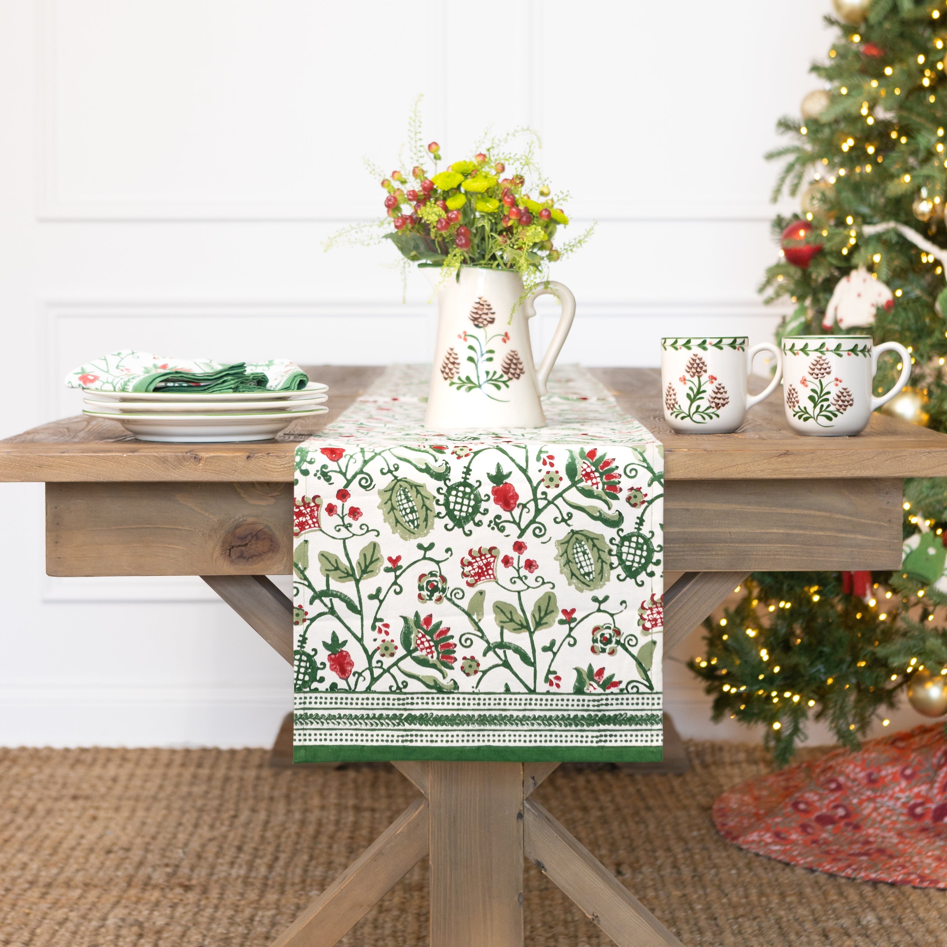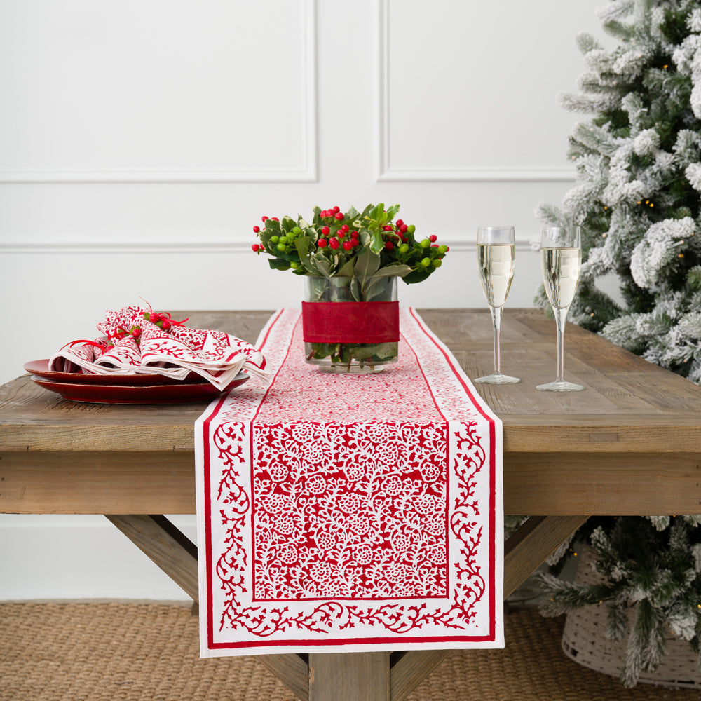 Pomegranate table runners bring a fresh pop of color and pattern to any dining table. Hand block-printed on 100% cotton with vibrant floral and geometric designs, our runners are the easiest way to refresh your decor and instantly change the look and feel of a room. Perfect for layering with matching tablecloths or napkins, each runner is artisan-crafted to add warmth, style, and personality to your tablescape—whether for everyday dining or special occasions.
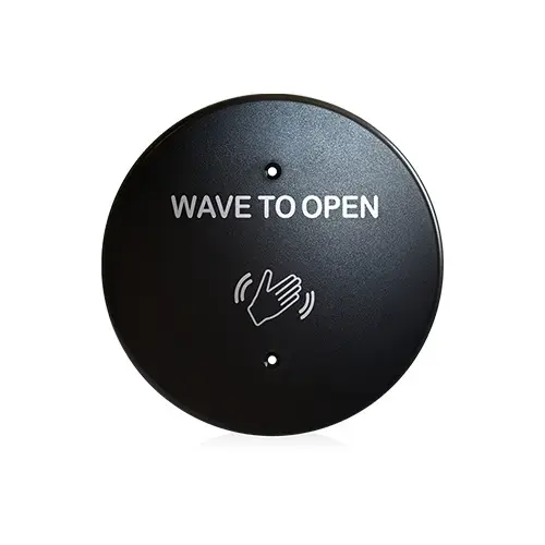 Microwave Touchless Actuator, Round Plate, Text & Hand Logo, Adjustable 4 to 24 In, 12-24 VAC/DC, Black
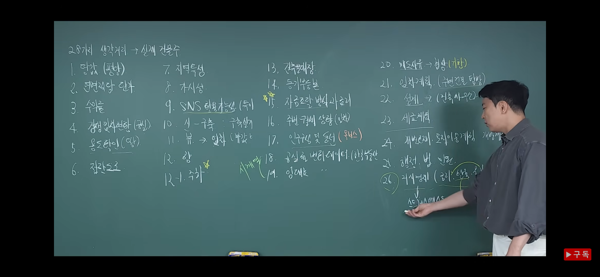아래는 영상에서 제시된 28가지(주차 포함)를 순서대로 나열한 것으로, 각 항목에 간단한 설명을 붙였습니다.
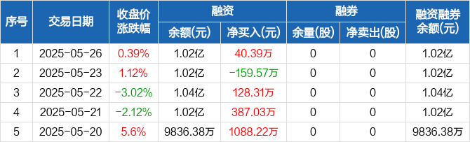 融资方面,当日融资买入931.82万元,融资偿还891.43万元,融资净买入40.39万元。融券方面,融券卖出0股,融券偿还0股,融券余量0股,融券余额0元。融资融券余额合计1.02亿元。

━━━━━━

**Task to complete**
Repeat the listing above up to and including the line with "아래는 영상에서 제시된", starting from its first line. Drop any pictures.

**Task solution**
 Pomegranate table runners bring a fresh pop of color and pattern to any dining table. Hand block-printed on 100% cotton with vibrant floral and geometric designs, our runners are the easiest way to refresh your decor and instantly change the look and feel of a room. Perfect for layering with matching tablecloths or napkins, each runner is artisan-crafted to add warmth, style, and personality to your tablescape—whether for everyday dining or special occasions.
 Microwave Touchless Actuator, Round Plate, Text & Hand Logo, Adjustable 4 to 24 In, 12-24 VAC/DC, Black
아래는 영상에서 제시된 28가지(주차 포함)를 순서대로 나열한 것으로, 각 항목에 간단한 설명을 붙였습니다.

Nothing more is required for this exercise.